Using the entries below, restate word for word only the lines from the one with "Amanda49 Beautiful Lace" to the final line, leaving the pictures out.

════════

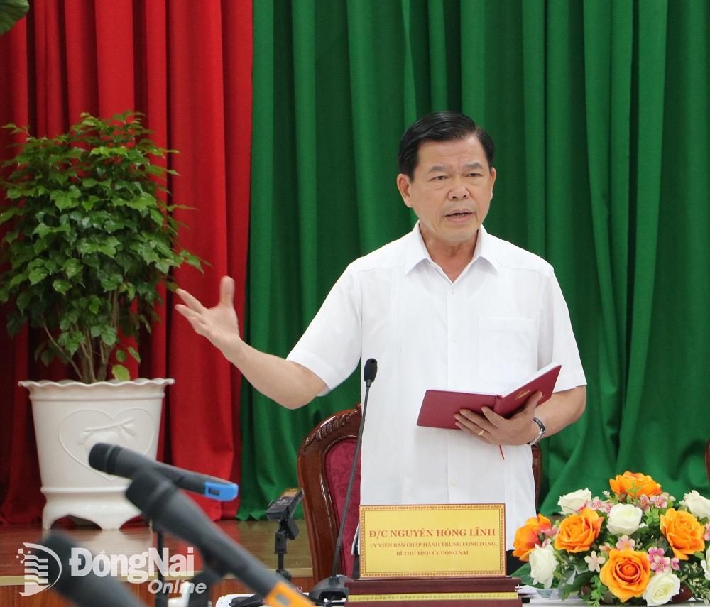 | Ủy viên Trung ương Đảng, Bí thư Tỉnh ủy Nguyễn Hồng Lĩnh phát biểu tại buổi làm việc. Ảnh: Phạm Tùng |
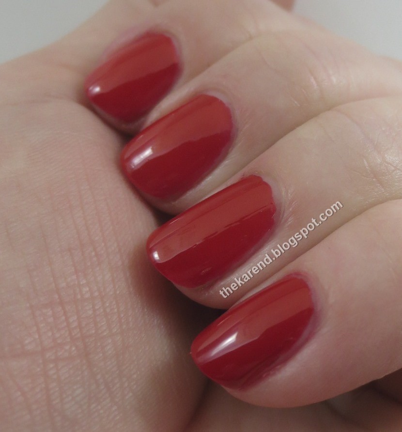 Fifth Avenue, a classic red creme, rounded out the trio. This was also a one-coater (though two would have been better to disguise the ridges on my non-basecoated ring finger).
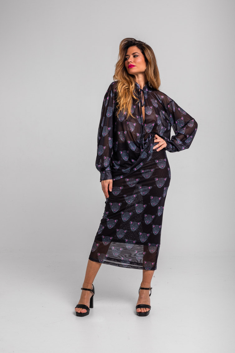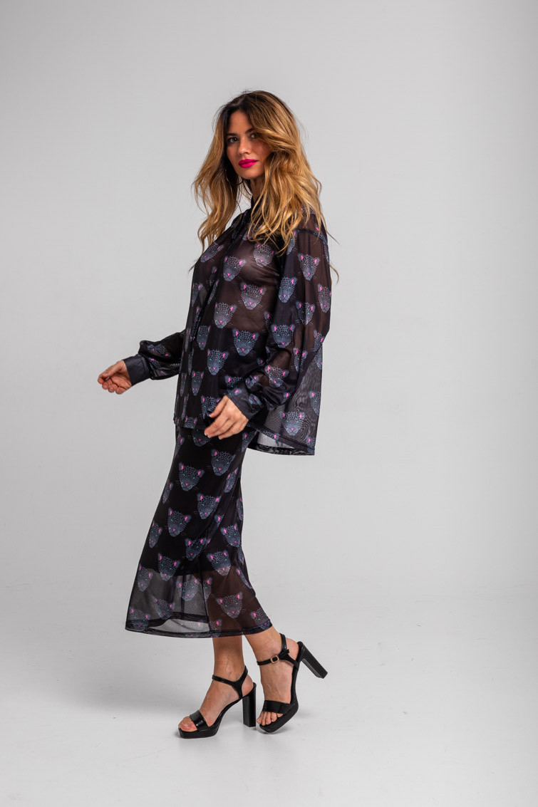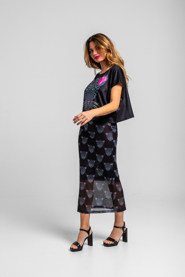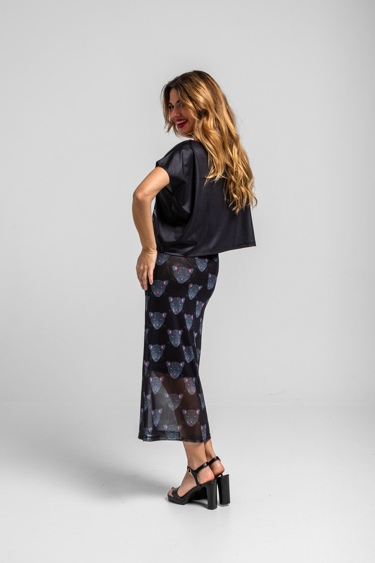 Nocturna: y siembre al acecho intentando cazar al tiempo – Falda tul ajustada negra con panteras: Falda midi de tejido elástico. Modelo ajustado, con estampado vectorial. – 95% Poliéster y 5% Elastán. – Lavar a máquina en agua fría. No usar blanqueador. No usar secadora. Secar colgado a la sombra. Planchado a temperatura baja, por debajo de 100 ºC. Planchar del revés. No dejar la plancha parada sobre la prenda. Lavar con colores similares. – TALLA XS: Medida de la cintura 30 cm, medida de la cadera 40 cm y largo del cuerpo 83,5 cm.TALLA S: Medida de la cintura 32 cm, medida de la cadera 42 cm y largo del cuerpo 85 cm.TALLA M: Medida de la cintura 34 cm, medida de la cadera 44 cm y largo del cuerpo 86,5 cm.TALLA L: Medida de la cintura 36 cm, medida de la cadera 46 cm y largo del cuerpo 88 cm.TALLA XL: Medida de la cintura 38 cm, medida de la cadera 48 cm y largo del cuerpo 89,5 cm.TALLA XXL: Medida de la cintura 40 cm, medida de la cadera 50 cm y largo del cuerpo 91 cm. – Las medidas de las prendas pueden presentar pequeñas variaciones debido al proceso de producción de hasta 2 cm. – Lolina ha realizado un gran esfuerzo para mostrar los colores de las prendas de la forma más cercana a la realidad posible. No obstante, queremos que tengas en cuenta que el color de las prendas que aparecen en pantalla puede estar sujeto a variaciones dependiendo de la calidad de tu ordenador o smartphone.
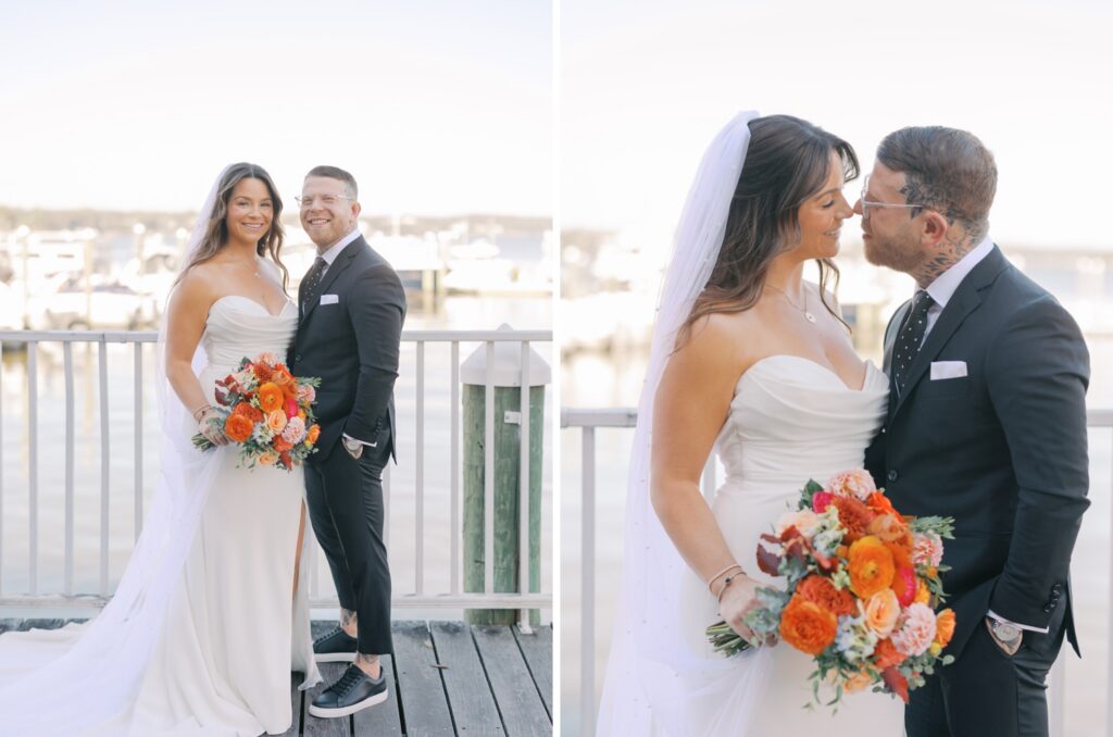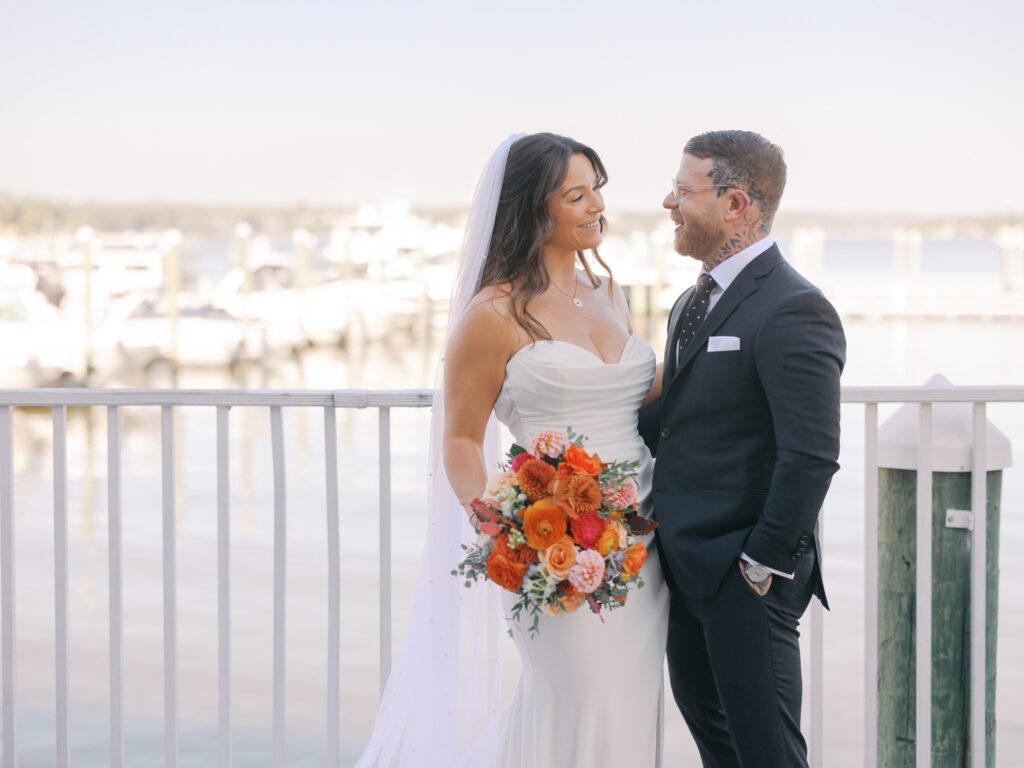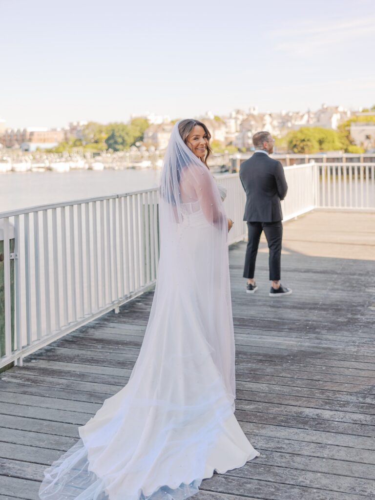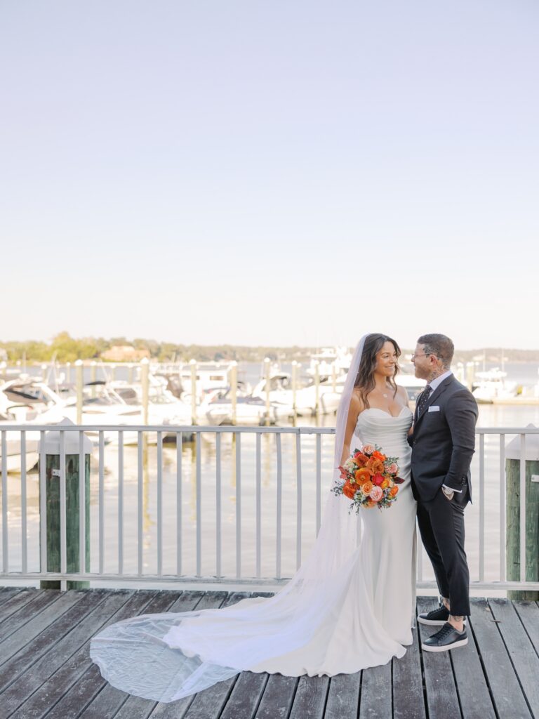 Before the ceremony, Adriana and Marc shared a first look and portraits along the marina behind the Molly Pitcher Inn. The October sunshine created the most beautiful light, and the river added a calm, romantic feel to every photo.
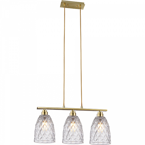 Допускается отличие страны-изготовителя, указанной в характеристиках. Линии производства могут находиться в нескольких государствах. Это не влияет на качество изготовления товара: все заводы данного бренда работают по общим стандартам, а готовые изделия проходят соответствующий контроль.Россия Коллекция Pearle ЦветЦвет арматуры золотой Цвет Золото Материал арматуры Металл Цвет плафона прозрачный Материал плафона Стекло РазмерыВысота (мм) 1000 Длина (мм) 485 Высота минимальная (мм) 190 Ширина (мм) 125 ЭлектрикаКоличество ламп (шт) 3 Цоколь E14 Мощность лампы (Вт) 40 Дополнительная информацияСтепень защиты (IP) IP20 Вес (Кг) 3,16 Тип подвеса На тросах Количество подвесов Одиночный подвес -
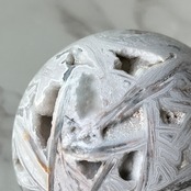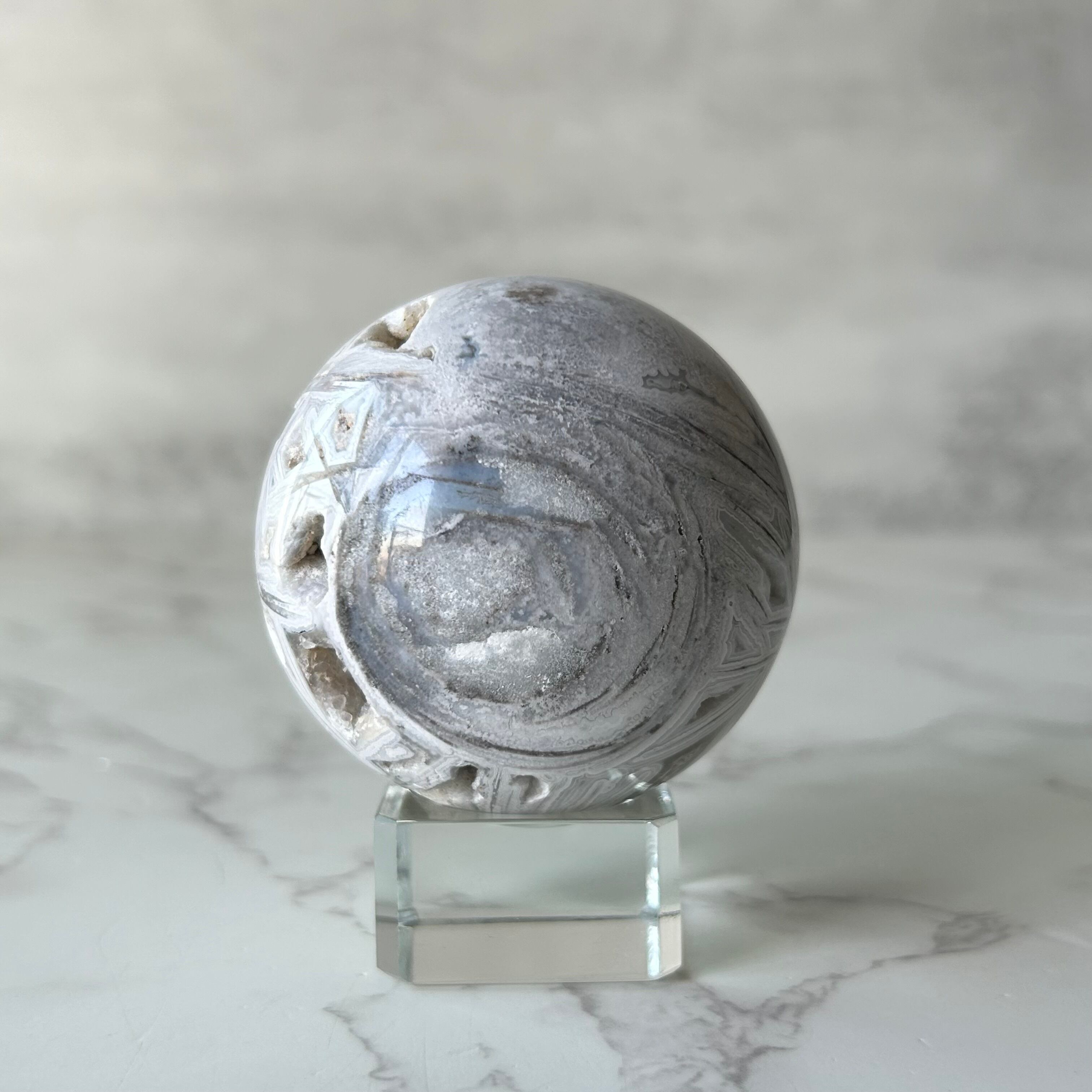 メキシカンクレイジーレースアゲートのスフィアです。ホワイトとライトグレーが織りなす縞模様がキレイです。
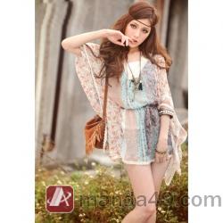 Amanda49 Beautiful Lace Neckline Design Chiffon Shirt--Women's Dresses |
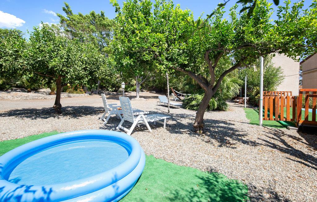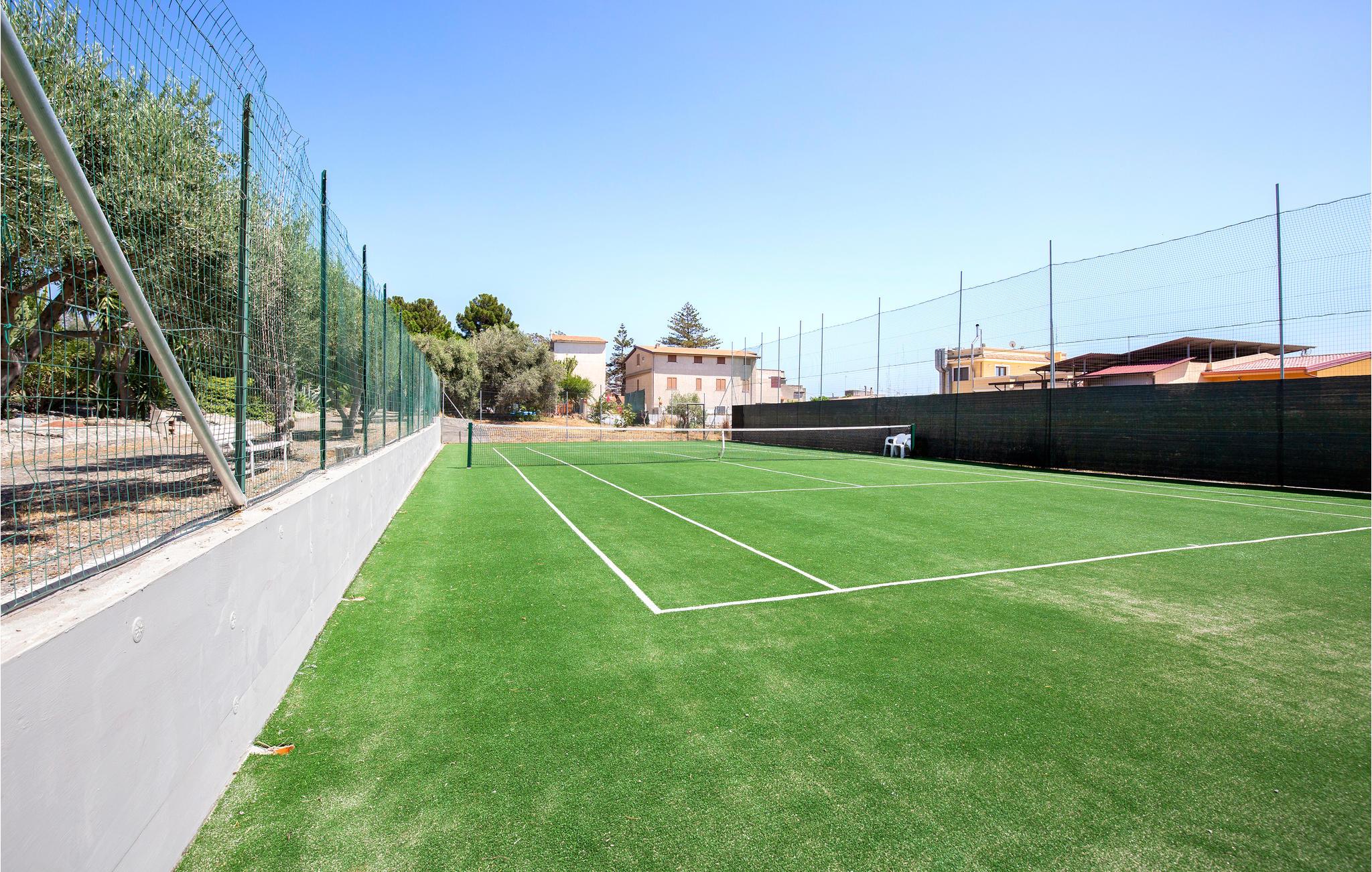 Slap af på terrassen i komfortable havemøbler med lækre retter fra grillen og snup en frisk dukkert selv i den overjordiske pool eller spil et spil tennis på banen på ejendommen.

════════

EXPECTED ANSWER |
 Amanda49 Beautiful Lace Neckline Design Chiffon Shirt--Women's Dresses |
 Slap af på terrassen i komfortable havemøbler med lækre retter fra grillen og snup en frisk dukkert selv i den overjordiske pool eller spil et spil tennis på banen på ejendommen.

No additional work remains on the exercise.